Human gestation exhibits a number of aspects that are notably adverse. Prominent among them is nausea and vomiting of pregnancy (NVP), which is reported by up to about 80% of women especially during the first trimester [2], and is highly heritable [3]. NVP reduces food intake and produces aversions to particular foods. It varies continuously in degree from mild to an extreme referred to as hyperemesis gravidarum (HG), which typically affects up to about 1–2% of pregnancies and involves intractable vomiting, weight loss and dehydration, that can become injurious to the mother and fetus [4, 5]. Treatment of NVP and HG remains challenging due to the potential effects of therapy on the first-trimester fetus, which is especially vulnerable to potential harmful impacts from systemic medications.
NVP and HG have for many years been attributed to the effects of human chorionic gonadotropin, a hormone produced by the placenta in early development that stimulates the corpus luteum to generate progesterone and thus maintain the pregnancy [5–7]. The primary evidence for this inference is a coincidence in the timing of human chorionic gonadotropin production with NVP symptoms, with both peaking at around 8–12 weeks of pregnancy.

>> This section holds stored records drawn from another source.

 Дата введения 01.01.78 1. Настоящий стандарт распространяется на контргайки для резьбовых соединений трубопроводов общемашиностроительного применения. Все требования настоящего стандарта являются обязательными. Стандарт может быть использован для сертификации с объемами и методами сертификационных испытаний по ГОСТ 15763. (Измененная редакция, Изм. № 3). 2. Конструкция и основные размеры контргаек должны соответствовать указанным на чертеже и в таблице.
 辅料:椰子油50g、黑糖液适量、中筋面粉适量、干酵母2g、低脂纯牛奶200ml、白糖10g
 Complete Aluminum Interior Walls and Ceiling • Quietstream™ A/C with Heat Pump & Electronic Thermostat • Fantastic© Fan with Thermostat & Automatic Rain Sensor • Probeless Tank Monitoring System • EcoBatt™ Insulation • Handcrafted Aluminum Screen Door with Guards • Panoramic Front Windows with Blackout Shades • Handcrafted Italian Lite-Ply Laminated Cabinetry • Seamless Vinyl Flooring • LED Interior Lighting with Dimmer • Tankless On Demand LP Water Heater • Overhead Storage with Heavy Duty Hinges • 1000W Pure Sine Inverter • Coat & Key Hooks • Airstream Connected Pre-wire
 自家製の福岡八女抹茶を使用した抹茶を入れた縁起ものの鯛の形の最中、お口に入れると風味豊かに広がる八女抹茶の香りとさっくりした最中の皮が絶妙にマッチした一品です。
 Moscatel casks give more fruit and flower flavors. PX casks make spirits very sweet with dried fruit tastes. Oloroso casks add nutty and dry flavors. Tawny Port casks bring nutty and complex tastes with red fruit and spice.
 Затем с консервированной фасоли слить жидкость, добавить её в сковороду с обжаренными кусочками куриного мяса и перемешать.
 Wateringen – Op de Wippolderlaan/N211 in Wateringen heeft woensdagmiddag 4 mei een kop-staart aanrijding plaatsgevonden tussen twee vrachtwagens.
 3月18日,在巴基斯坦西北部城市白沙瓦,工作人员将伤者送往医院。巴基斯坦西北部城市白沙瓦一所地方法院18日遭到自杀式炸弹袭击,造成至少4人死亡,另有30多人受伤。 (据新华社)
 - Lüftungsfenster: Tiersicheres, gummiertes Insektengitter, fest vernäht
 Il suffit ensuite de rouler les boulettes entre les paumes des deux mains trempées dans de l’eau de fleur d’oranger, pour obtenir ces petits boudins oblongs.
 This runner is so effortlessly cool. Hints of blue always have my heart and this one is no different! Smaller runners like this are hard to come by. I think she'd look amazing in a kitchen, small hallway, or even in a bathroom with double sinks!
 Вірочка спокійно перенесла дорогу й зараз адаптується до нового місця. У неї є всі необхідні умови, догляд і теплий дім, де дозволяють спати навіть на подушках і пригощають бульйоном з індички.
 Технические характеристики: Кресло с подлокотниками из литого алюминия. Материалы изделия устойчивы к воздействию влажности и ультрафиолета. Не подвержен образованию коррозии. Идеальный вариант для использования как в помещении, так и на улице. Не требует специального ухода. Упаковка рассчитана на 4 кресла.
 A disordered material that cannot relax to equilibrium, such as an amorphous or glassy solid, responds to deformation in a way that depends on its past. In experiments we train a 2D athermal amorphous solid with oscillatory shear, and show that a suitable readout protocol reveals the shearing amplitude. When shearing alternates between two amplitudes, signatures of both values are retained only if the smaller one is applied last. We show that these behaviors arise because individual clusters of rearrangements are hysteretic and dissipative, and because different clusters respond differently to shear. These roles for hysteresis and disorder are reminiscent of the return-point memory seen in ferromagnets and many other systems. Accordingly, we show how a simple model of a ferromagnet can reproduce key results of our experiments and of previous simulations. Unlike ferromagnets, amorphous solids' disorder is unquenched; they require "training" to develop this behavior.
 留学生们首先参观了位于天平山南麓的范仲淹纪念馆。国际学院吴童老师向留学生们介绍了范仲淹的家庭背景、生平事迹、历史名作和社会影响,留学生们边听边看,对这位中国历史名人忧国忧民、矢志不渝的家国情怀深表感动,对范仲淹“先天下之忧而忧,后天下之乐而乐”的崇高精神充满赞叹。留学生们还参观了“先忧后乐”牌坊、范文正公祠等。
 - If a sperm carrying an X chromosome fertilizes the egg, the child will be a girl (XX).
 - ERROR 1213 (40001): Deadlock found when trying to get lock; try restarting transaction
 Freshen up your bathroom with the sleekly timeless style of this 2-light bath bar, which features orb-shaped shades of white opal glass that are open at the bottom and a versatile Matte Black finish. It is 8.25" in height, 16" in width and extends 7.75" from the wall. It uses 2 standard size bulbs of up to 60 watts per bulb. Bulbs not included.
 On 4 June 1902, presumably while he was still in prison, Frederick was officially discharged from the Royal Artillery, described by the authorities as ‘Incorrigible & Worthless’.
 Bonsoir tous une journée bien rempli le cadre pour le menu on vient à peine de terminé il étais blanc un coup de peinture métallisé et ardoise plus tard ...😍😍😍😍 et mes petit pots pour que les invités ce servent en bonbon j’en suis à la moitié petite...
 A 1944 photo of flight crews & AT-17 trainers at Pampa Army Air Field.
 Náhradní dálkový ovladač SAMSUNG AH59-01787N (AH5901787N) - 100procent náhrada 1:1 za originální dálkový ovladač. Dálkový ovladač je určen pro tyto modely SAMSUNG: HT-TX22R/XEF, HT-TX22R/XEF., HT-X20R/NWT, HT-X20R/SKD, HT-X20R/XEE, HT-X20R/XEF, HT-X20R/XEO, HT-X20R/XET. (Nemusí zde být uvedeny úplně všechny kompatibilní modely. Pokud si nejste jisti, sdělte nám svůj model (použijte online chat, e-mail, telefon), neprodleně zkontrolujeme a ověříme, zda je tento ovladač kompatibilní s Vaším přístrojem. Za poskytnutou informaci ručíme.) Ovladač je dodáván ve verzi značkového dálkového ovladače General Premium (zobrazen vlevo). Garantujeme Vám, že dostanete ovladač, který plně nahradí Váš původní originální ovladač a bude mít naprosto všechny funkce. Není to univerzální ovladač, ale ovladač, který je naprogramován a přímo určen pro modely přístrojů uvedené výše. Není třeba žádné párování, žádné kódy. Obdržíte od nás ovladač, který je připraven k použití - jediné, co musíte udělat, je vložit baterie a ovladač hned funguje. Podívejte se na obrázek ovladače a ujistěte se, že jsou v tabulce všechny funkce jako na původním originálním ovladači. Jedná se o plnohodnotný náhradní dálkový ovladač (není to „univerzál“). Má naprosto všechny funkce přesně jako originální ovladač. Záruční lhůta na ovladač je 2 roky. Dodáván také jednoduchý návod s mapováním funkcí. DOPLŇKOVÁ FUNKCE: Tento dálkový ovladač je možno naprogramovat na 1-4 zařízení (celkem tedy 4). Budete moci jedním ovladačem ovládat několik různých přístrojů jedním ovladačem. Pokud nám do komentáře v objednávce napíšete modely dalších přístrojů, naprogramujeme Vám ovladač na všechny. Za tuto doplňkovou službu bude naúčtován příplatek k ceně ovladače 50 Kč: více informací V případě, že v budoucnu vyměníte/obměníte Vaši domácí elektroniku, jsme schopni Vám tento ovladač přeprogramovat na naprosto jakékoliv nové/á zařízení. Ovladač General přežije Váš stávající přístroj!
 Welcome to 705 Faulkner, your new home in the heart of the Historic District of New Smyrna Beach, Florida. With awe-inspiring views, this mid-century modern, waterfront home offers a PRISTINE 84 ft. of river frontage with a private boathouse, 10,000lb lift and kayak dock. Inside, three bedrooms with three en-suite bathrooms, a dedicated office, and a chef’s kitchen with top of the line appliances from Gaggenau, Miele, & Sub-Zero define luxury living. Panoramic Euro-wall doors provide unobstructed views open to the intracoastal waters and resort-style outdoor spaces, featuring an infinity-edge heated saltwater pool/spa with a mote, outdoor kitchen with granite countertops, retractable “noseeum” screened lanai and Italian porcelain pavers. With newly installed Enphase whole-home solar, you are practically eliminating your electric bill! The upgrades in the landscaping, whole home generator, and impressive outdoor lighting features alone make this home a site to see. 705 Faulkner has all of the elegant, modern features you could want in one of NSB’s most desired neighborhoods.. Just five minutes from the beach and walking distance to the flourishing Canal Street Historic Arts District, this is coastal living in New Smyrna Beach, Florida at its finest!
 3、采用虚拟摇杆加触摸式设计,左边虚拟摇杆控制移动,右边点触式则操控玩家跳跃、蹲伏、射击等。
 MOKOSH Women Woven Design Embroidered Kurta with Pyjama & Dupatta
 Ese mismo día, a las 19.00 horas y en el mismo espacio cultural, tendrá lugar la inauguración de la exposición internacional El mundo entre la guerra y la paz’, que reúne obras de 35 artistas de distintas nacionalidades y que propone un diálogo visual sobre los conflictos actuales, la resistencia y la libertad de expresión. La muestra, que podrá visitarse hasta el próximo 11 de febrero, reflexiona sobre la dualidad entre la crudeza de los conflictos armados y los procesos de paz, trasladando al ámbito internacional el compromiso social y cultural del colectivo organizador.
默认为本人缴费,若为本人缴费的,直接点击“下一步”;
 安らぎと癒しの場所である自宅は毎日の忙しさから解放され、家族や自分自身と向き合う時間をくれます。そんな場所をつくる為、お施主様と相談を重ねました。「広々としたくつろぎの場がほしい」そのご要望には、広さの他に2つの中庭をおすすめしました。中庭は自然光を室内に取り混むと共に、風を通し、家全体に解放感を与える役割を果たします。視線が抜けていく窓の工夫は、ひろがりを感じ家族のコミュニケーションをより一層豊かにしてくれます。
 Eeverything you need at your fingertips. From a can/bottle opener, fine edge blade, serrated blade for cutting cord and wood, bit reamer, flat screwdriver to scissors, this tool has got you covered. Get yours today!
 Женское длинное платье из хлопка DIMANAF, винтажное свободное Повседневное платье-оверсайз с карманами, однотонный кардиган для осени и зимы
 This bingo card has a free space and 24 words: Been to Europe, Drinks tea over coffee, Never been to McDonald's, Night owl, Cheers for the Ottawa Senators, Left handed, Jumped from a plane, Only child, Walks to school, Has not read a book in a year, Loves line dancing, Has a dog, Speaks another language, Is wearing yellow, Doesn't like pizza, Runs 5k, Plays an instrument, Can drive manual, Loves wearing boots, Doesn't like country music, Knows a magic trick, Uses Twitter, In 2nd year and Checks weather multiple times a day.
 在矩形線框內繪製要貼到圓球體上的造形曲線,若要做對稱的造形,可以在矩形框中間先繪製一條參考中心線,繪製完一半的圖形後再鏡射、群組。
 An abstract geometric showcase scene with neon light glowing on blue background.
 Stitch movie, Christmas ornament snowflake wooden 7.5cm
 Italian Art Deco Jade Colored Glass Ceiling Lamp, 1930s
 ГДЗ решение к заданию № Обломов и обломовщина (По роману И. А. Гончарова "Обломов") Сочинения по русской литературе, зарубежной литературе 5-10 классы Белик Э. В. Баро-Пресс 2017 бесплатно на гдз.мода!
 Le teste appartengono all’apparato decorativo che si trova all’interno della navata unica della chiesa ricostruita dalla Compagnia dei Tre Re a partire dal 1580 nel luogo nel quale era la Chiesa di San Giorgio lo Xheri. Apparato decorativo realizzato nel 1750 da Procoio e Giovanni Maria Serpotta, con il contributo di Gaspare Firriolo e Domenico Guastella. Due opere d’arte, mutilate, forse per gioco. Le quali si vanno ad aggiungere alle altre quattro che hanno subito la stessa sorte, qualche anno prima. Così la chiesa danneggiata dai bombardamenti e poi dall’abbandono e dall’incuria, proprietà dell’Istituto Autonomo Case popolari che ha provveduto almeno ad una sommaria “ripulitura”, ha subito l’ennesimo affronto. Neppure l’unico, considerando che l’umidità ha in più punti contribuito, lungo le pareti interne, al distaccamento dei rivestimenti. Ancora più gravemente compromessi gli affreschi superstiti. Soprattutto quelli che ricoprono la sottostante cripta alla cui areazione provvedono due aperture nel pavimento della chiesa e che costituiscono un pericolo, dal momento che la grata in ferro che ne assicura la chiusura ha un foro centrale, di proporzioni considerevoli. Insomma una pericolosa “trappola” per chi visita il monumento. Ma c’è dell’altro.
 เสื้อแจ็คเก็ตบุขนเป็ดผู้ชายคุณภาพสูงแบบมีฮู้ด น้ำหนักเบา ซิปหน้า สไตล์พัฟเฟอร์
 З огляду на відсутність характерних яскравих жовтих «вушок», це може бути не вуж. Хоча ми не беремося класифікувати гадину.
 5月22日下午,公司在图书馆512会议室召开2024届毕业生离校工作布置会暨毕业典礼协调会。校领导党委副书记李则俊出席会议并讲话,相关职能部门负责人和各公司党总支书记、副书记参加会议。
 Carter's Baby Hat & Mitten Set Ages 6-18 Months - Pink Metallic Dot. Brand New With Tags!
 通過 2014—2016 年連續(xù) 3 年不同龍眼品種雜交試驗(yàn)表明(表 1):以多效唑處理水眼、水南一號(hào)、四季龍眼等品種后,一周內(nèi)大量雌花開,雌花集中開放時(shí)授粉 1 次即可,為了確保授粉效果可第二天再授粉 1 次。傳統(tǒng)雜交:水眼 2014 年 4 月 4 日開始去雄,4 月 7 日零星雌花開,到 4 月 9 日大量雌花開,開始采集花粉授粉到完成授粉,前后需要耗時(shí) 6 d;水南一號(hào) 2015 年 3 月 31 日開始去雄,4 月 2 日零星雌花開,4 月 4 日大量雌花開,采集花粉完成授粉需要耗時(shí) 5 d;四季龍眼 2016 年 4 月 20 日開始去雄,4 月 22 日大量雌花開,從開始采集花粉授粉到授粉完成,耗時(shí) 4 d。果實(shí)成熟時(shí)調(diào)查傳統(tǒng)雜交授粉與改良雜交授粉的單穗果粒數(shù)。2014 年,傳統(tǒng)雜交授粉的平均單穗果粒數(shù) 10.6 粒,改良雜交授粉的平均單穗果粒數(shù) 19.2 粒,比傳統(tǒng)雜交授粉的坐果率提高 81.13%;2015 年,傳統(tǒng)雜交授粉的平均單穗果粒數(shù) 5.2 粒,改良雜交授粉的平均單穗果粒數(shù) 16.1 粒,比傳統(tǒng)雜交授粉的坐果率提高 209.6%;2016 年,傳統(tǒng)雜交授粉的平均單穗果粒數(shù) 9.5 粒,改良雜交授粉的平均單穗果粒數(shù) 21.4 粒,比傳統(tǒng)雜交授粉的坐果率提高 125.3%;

Over the past few years, culminating in an influential paper in 2023 [8], NVP and HG have instead been shown to be caused predominantly by relatively high levels of a hormone called Growth-Differentiation Factor 15 (GDF15). GDF15, like human chorionic gonadotropin, is secreted by the placenta into maternal circulation starting in early pregnancy; higher levels are causally associated with stronger NVP and higher risk of HG, as evidenced by a suite of convergent genetic, genomic, observational and experimental studies [8]. Moreover, especially high NVP levels are conferred by relatively low pre-pregnancy GDF15, followed by relatively high GDF15 during gestation [8]. These findings have motivated proposals for novel therapies to reduce NVP and HG, based on blocking the effects of GDF15 during pregnancy, as well as by increasing its pre-pregnancy levels [8].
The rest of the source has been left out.